Too many anglers, especially those who are new to the sport, could open a sporting goods store with all of the latest and greatest lures they've purchased. Don't misunderstand, there are some new baits on the market that are intriguing and worth a look such as Live Target's shrimp as well as their Bait Ball Series, but I'm a firm believer in sticking to what has been working. Three different colors of soft plastics (Limetreuse, Red Shad and Chicken-On-A-Chain) are really all that's needed in our bay system. The brighter colored Limetreuse works great in green water with adequate sunlight. Red Shad is always reliable in stained or muddy water while Chicken-On-A-Chain is perfect for those in-between days when the water clarity is a cloudy green. My favorite choice is Salt Water Assassin, but there are many soft plastics out there that will get it done. It's a matter of personal preference. Pack a few 1/16, 1/8 and 1/4 ounce jig heads and you're ready to roll. Three topwaters Super Spook Jr., Rapala Skitterwalk and a MirrOlure She Dog is really all that's needed most of the time. Spook Jr's are great for calm conditions. Throw a Skitterwalk when there's a slight surface chop and a She Dog in breezy conditions and a loud high-pitched rattle is needed. Three slow-sinking plugs can round out your arsenal MirrOlure's Paul Brown Originals.

Stay Sharp - Mentally and Physically

I can't tell you how many times I've had a client or an entire group show up at the dock in the morning half-awake with bloodshot eyes. Regardless of skill level, tying one on the night before a fishing trip is not a good plan. Your day on the water will most likely be a miserable one and filled with missed bites and backlashes. Those who are truly focused on having a productive trip will be well-rested and ready to roll on game day. To take it a step further, maintaining overall good health through exercise and a healthy diet will enable you to endure long wades when needed and keep you mentally focused.

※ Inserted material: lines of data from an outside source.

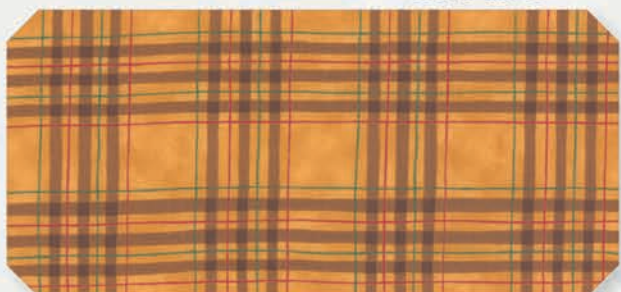
Plaid - 19913 16 * / B*
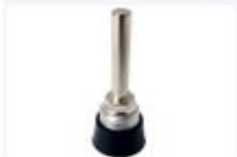
Roloc Mandrel Stem - 1-inch (30mm)
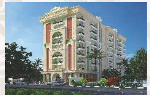
Rudra Prestige Ghantimill, Varanasi
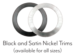
Black and Satin Nickel Trims (available for all sizes)
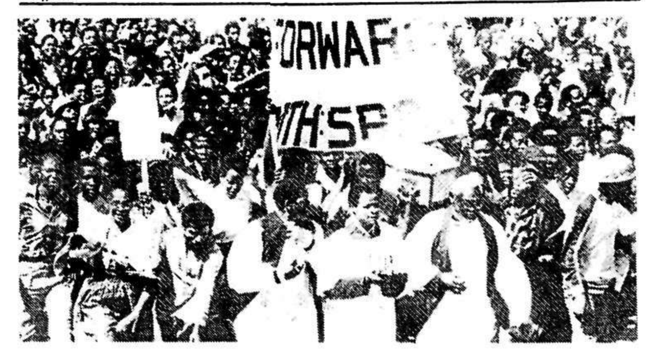
Heroic youth - the young lions

commit against our people, some of its most heinous have been specifically against our youth and children.
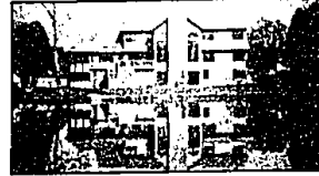
CUSTOM BUILT WING LAKE HOME , only three years old. Open foyer, wide halls, elevator, skylights, unusual brickwork, specially designed millwork with built-ins, paneled doors, extensive wood railing. (644-6300) 415133
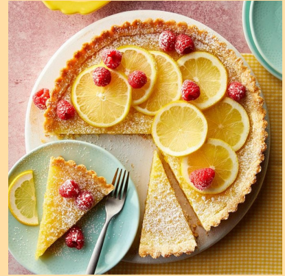
Shortbread Lemon Tart
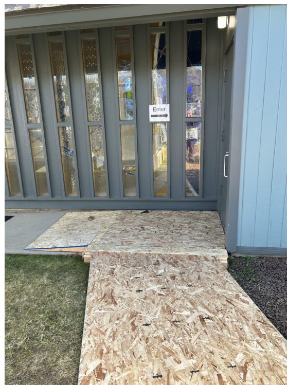
...and for the accessible entrance through the sacristy door.
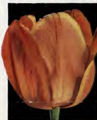
BRONZE QUEEN (Breeder)
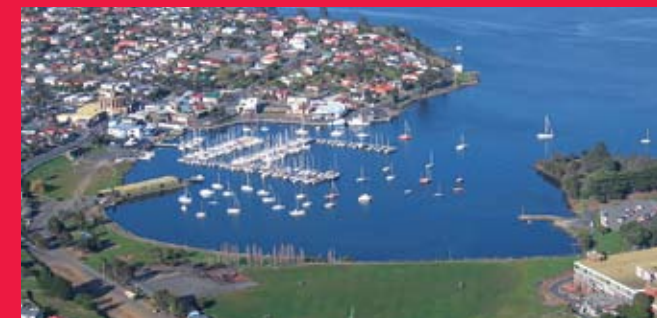
Bellerive Yacht Club, Kangaroo Bay

Leisurely day trips will take you to Port Arthur, the Tasman Peninsula, Bruny Island and the Huon and Derwent Valleys.
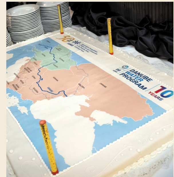
30 YEARS OF IAWD AND 10 YEARS OF DWP BIRTHDAY CAKE (2023)
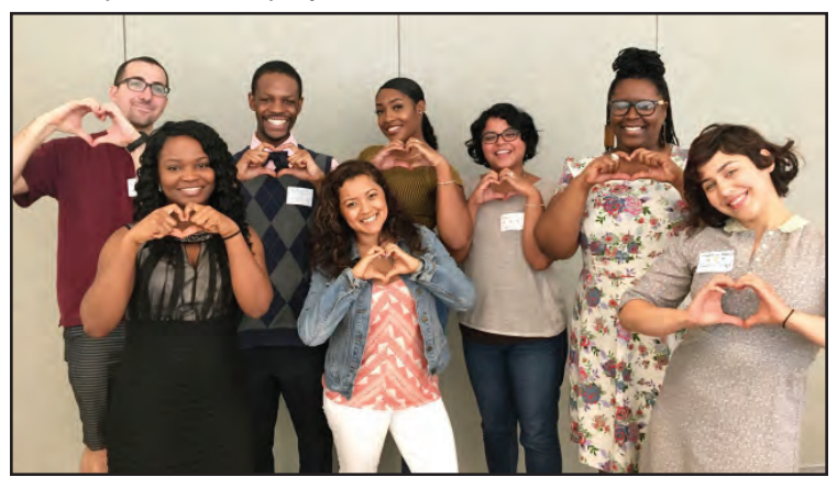
All of these rockstars transferred out-of state to the top schools in the nation! YAY!
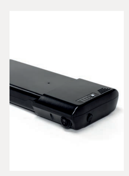
EXTRA BATTERY 12,8 AH OR 17,5 AH

To cater to a wide range of preferences and needs, we offered multiple options for you Plego. Store your Plego or add some additional features to suit you and your needs.
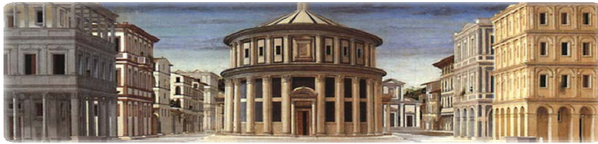
Città Ideale (1475) by Piero della Francesca

By doing a little homework and using fishing intelligence, the odds will be in your favor most of the time.
Whether you are a rockstar angler with God-given natural angling skills or a rookie fisherman logging experience on the water, always having a solid plan of attack is paramount. And, just like some of the NFL's top quarterbacks, don't be afraid to deviate from your game plan when conditions change. Go through your progressions and know your options. Most importantly, show up ready to play!